**RECORDED INFORMATION:**
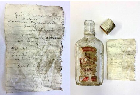 Found in a small bottle of Smirnoff vodka, it read: “J. T. T. Thomson. Mason. Muness, Uyeasound, Unst, Shetland. Inverness address 40 Denny St. Age 41. Finished building and tiling 20.6.67”
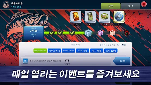 일일 또는 주간 이벤트에서 새로운 낚싯대, 미끼 카드, 스킬 토큰 등 놀라운 보상을 획득할 수 있습니다. 낚시 시험을 통과하고, 성난 상어에게도 도전해보고, 메기 사냥꾼도 되어보세요!
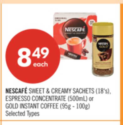 NESCAFÉ SWEET & CREAMY SACHETS (18's), ESPRESSO CONCENTRATE (500mL) or GOLD INSTANT COFFEE (95g - 100g)
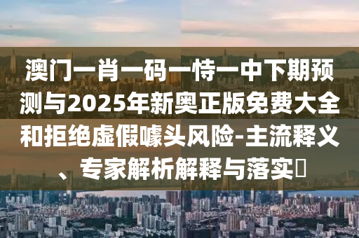 澳門一肖一碼一恃一中下期預測與2025年新奧正版免費大全:主流釋義、專家解析解釋與落實?
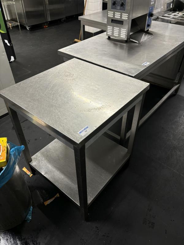1 rvs tafel, afm. ca. 80 x 80 cm.
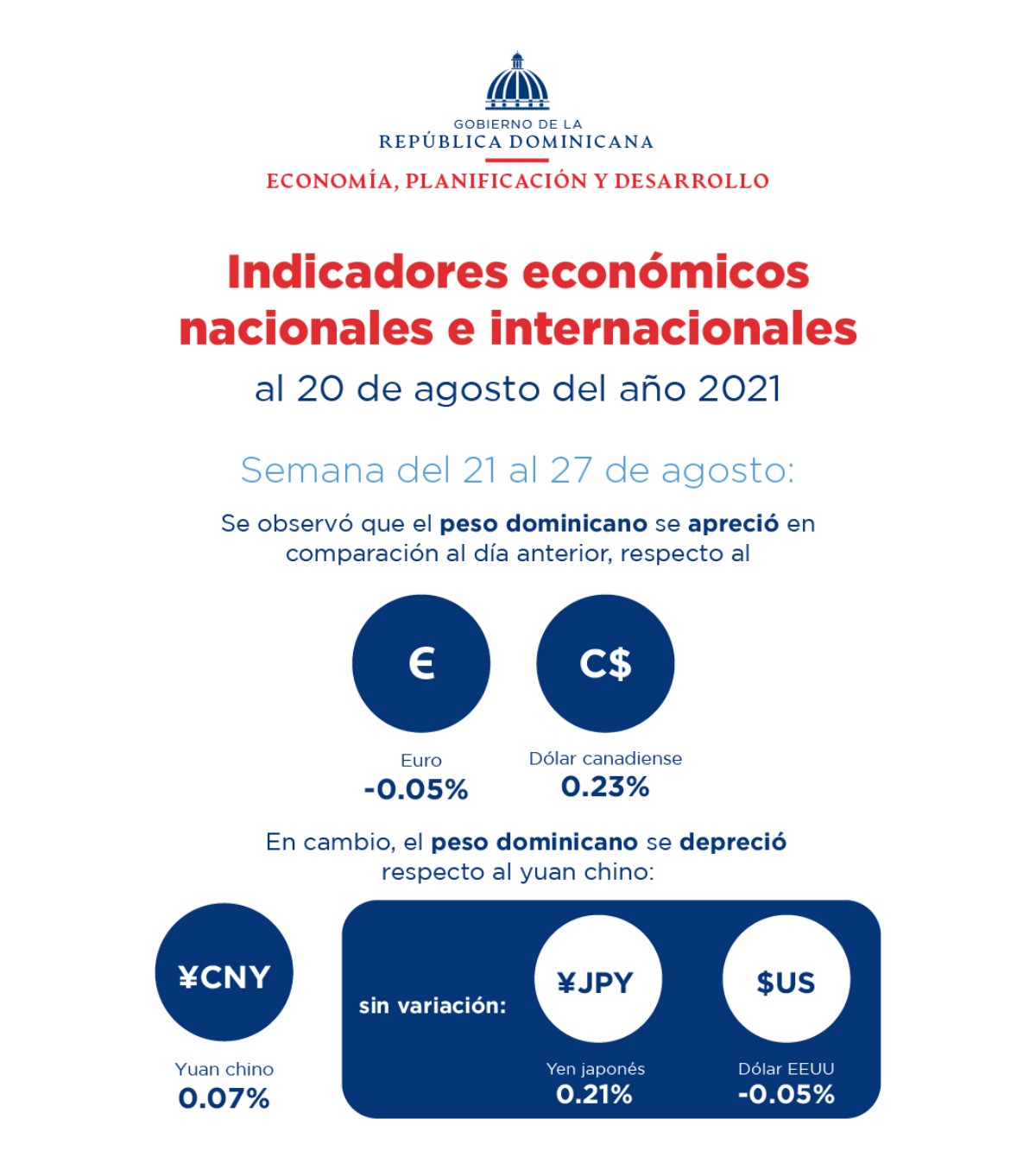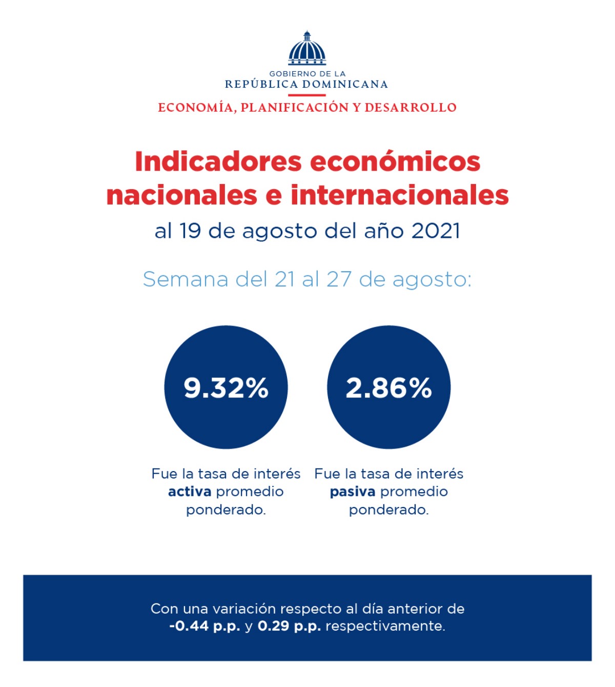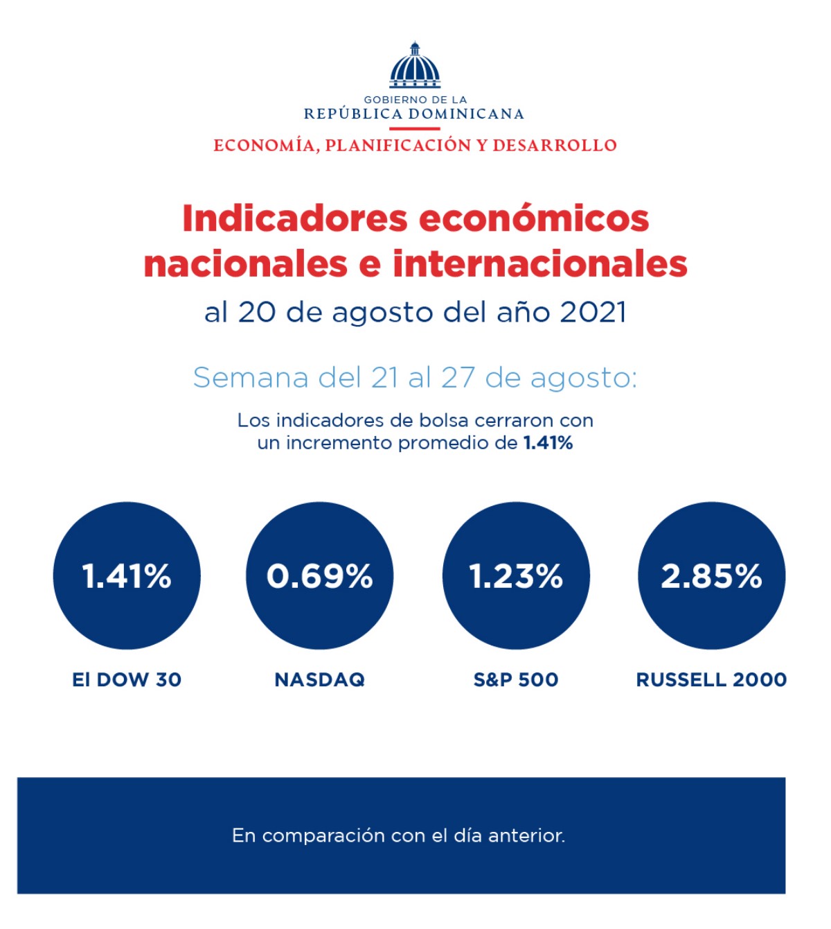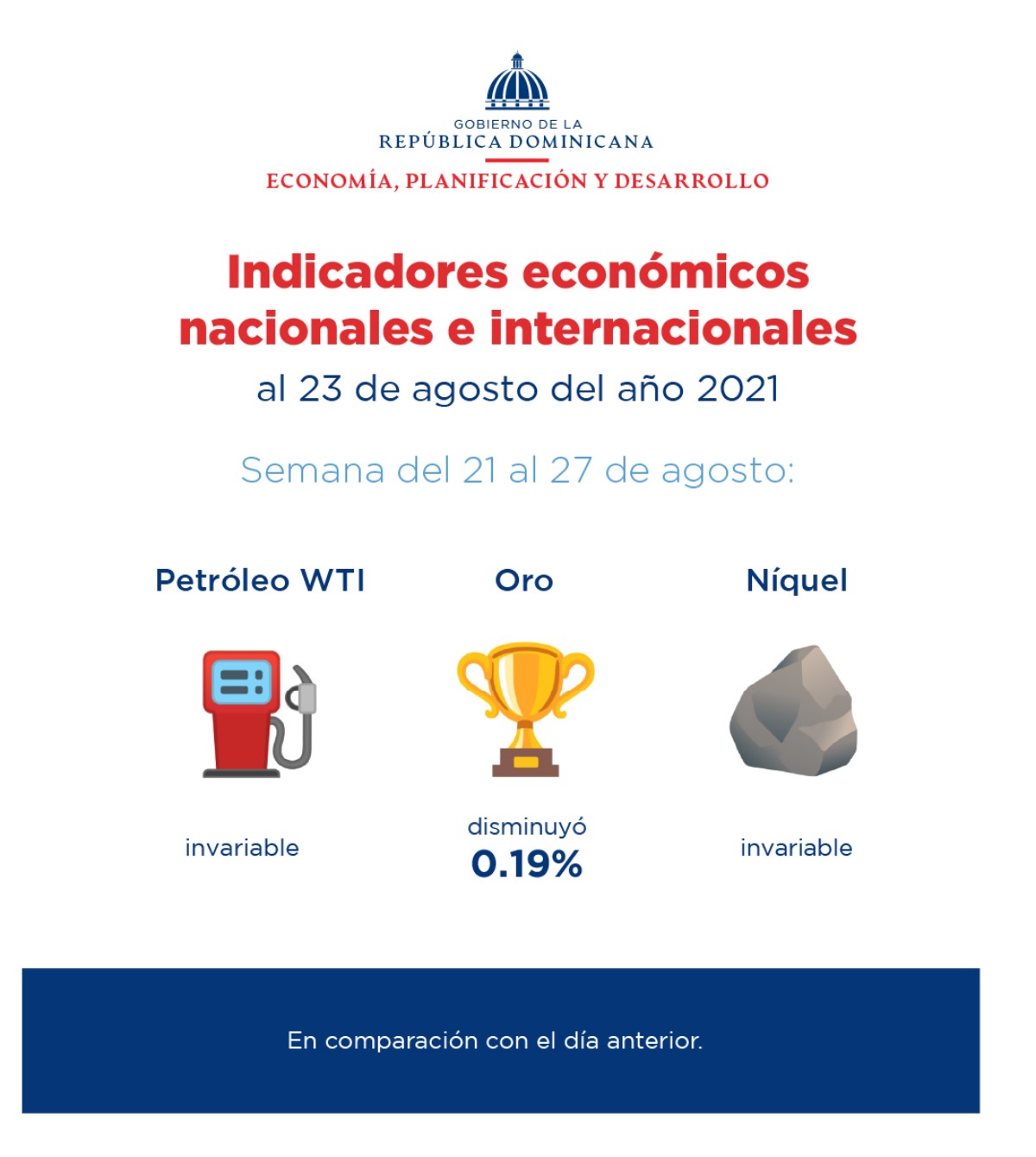1 septiembre, 2021De manera semanal son presentados los principales indicadores económicos nacionales e internacionales de interés para la República Dominicana.
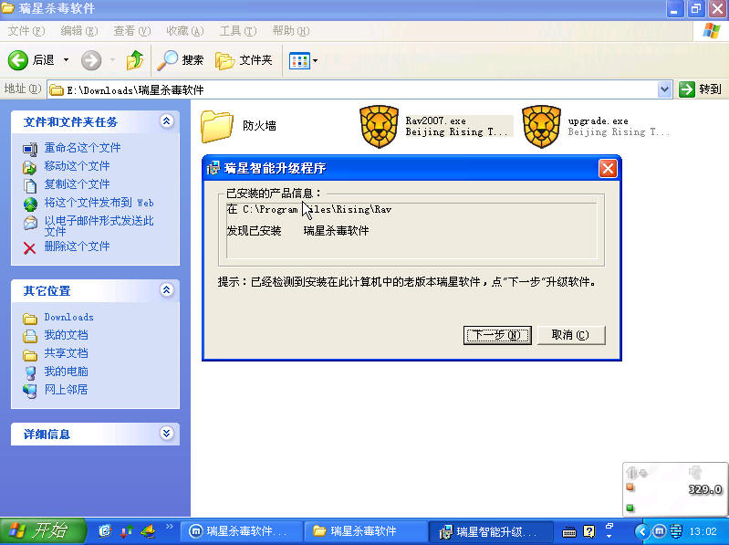 有时候卸载杀毒软件后,想重新安装,安装时瑞星提示发现已安装,点“下一步”升级。如图:

**WORK TO BE COMPLETED:**
Would you transcribe each of the entries exactly, skipping the pictures?

**WRITTEN RESPONSE:**
 Found in a small bottle of Smirnoff vodka, it read: “J. T. T. Thomson. Mason. Muness, Uyeasound, Unst, Shetland. Inverness address 40 Denny St. Age 41. Finished building and tiling 20.6.67”
 일일 또는 주간 이벤트에서 새로운 낚싯대, 미끼 카드, 스킬 토큰 등 놀라운 보상을 획득할 수 있습니다. 낚시 시험을 통과하고, 성난 상어에게도 도전해보고, 메기 사냥꾼도 되어보세요!
 NESCAFÉ SWEET & CREAMY SACHETS (18's), ESPRESSO CONCENTRATE (500mL) or GOLD INSTANT COFFEE (95g - 100g)
 澳門一肖一碼一恃一中下期預測與2025年新奧正版免費大全:主流釋義、專家解析解釋與落實?
1 rvs tafel, afm. ca. 80 x 80 cm.
1 septiembre, 2021De manera semanal son presentados los principales indicadores económicos nacionales e internacionales de interés para la República Dominicana.
 有时候卸载杀毒软件后,想重新安装,安装时瑞星提示发现已安装,点“下一步”升级。如图:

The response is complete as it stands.